Exercise brief ▸ What is needed is a word-for-word transcript of the listing, free of pictures.

Data below ▸
---

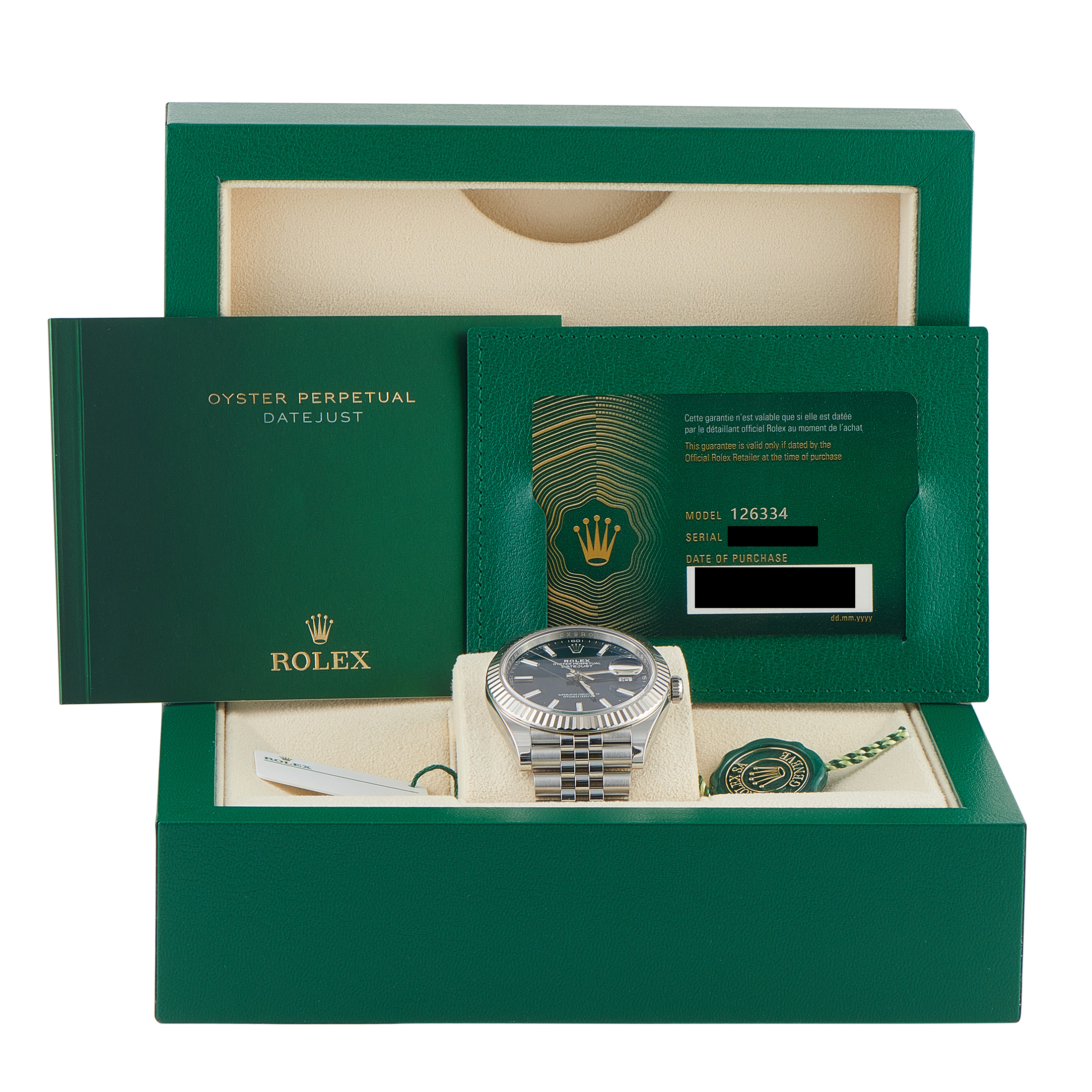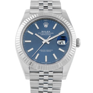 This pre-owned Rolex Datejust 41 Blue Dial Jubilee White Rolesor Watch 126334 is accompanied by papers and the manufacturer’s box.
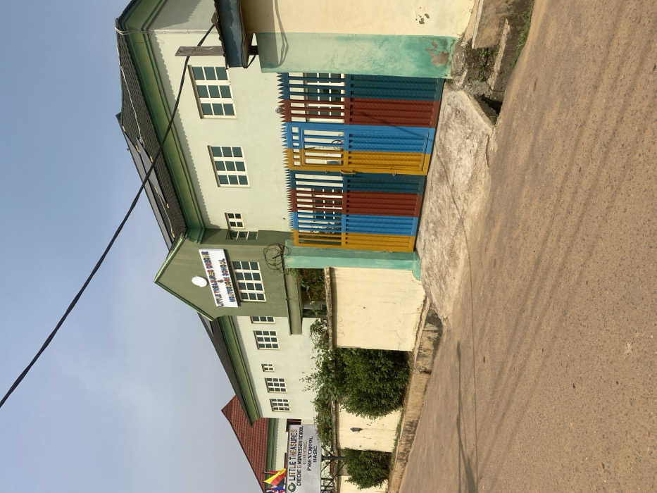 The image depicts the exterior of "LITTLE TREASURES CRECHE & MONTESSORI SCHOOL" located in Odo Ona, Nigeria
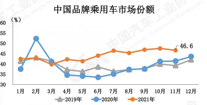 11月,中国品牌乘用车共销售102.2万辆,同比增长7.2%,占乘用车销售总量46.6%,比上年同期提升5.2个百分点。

---

Response to this task ▸
 This pre-owned Rolex Datejust 41 Blue Dial Jubilee White Rolesor Watch 126334 is accompanied by papers and the manufacturer’s box.
 The image depicts the exterior of "LITTLE TREASURES CRECHE & MONTESSORI SCHOOL" located in Odo Ona, Nigeria
 11月,中国品牌乘用车共销售102.2万辆,同比增长7.2%,占乘用车销售总量46.6%,比上年同期提升5.2个百分点。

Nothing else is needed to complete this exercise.